Proterozoic mobile belts compatible with the plate tectonic concept

Abstract

Proterozoic foldbelts older than about 1 Ga lack the distinctive signatures of the contemporary Wilson cycle although they frequently contain thick sedimentary assemblages that resemble those in Phanerozoic orogens. Mafic volcanic rocks are rare, however, and occur intestratified with sedimentary strata; they are not layered and contain no sheeted dikes and can therefore not be interpreted as ophiolites. These characteristics as well as paleomagnetic and isotopic constraints preclude an evolution of these belts during closure of extensive oceans and subduction of significant amounts of oceanic lithosphere.
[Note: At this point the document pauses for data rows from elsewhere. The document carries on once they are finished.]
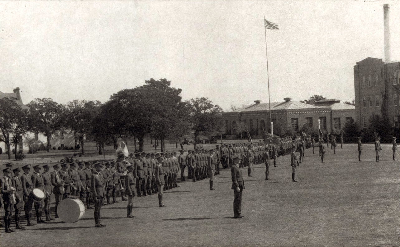 Cadets at North Texas Agriculture College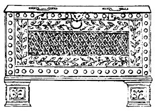 Strongbox from Ancient Rome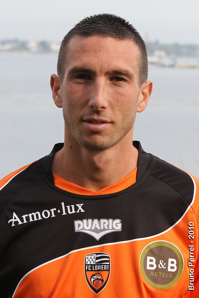 Morgan Amalfitano, player from the FC Lorient soccer team

An alternative plate tectonic model is developed that invokes rifting, heating, and stretching of the crust as a result of lithospheric thinning over a mantle plume. This mechanism eventually leads to a “geosynclinal” basin entirely floored by continental crust. The rise of asthenosphere enhances gravitational instabilities in the old and dense subcrustal lithosphere that, on fracturing after crustal stretching, may delaminate spontaneously. Hot asthenospheric material rises to take the place of the detached and sinking lithospheric slab, thereby inducing A-subduction and inter-stacking of continental crust. The much thickenend crust is partially melted at depth, intruded by synorogenic and postorogenic granites, and finally uplifted and eroded to its present level of exposure. Episodic thermal anomalies during orogeny are caused by the rise of asthenospheric magmas to the base of the crust and by radioactive self-heating after crustal interstacking. The model is entirely compatible with the concept of horizontally moving plates but differs from the Wilson cycle in that no wet oceanic crust is generated during basin formation and none is consumed during orogeny. Instead, dry subcrustal lithosphere sinks down but does not cause calc-alkalic magmatism. Towards the end of the Proterozoic, Wilson cycle signatures become widespread in the global rock record and signify a worldwide change from predominantly intraplate orogeny to predominantly plate margin orogeny that characterizes the Phanerozoic geodynamic pattern. Plate tectonics, therefore, is a nonuniformitarian process.